[Python-3000] Types and classes (original) (raw)

Guido van Rossum guido at python.org
Thu Apr 3 00:20:31 CEST 2008


On Wed, Apr 2, 2008 at 3:03 PM, Amaury Forgeot d'Arc <amauryfa at gmail.com> wrote:

On Wed, Apr 2, 2008 at 11:57 PM, Paul Prescod <paul at prescod.net> wrote: > But does anyone else find it odd that the types of some things are > classes and the classes of some things are types? > > >>> type(socket.socket()) > <class 'socket.socket'> > >>> type("abc") > <type 'str'> > >>> socket.socket().class > <class 'socket.socket'> > >>> "abc".class > <type 'str'> > > In a recent talk I could only explain this as a historical quirk. As I > understand, it is now possible to make types that behave basically > exactly like classes and classes that behave exactly like types. Is > there any important difference between them anymore?

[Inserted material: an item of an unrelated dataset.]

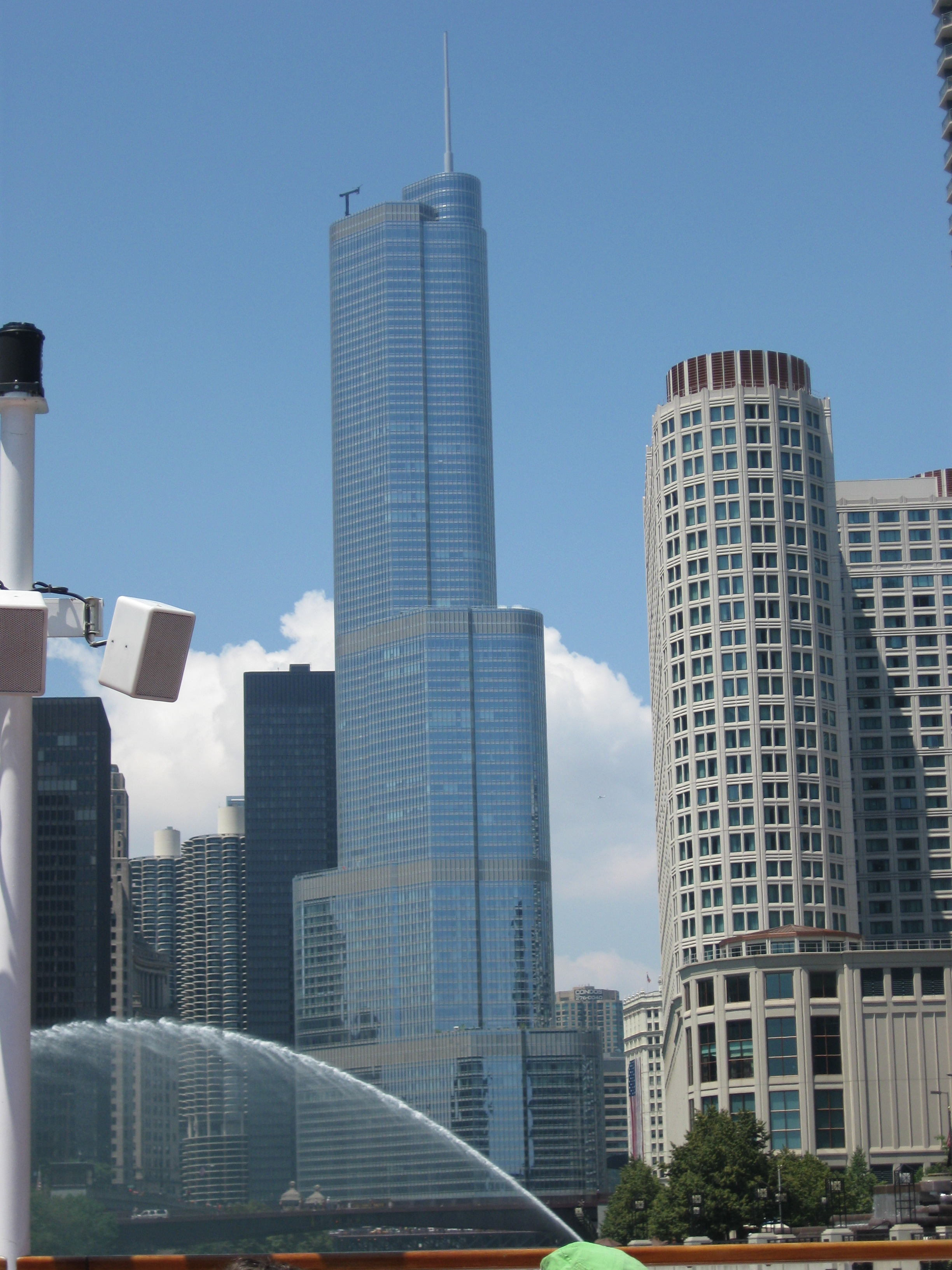 Trump International Hotel and Tower in Chicago as seen from the Chicago River.

I can find one difference: - types are written in C - classes are written in Python and there is a difference in behaviour: most types don't have a writable dict, and you cannot add members. classes are more flexible.

That's more correctly described as the difference between built-in types/classes and user-defined types/classes.

I think it's still just a historical quirk; maybe we should bite the bullet and fix this in py3k. (Still, 'type' and 'class' will both be part of the language, one as a built-in function and metaclass, the other as a keyword.)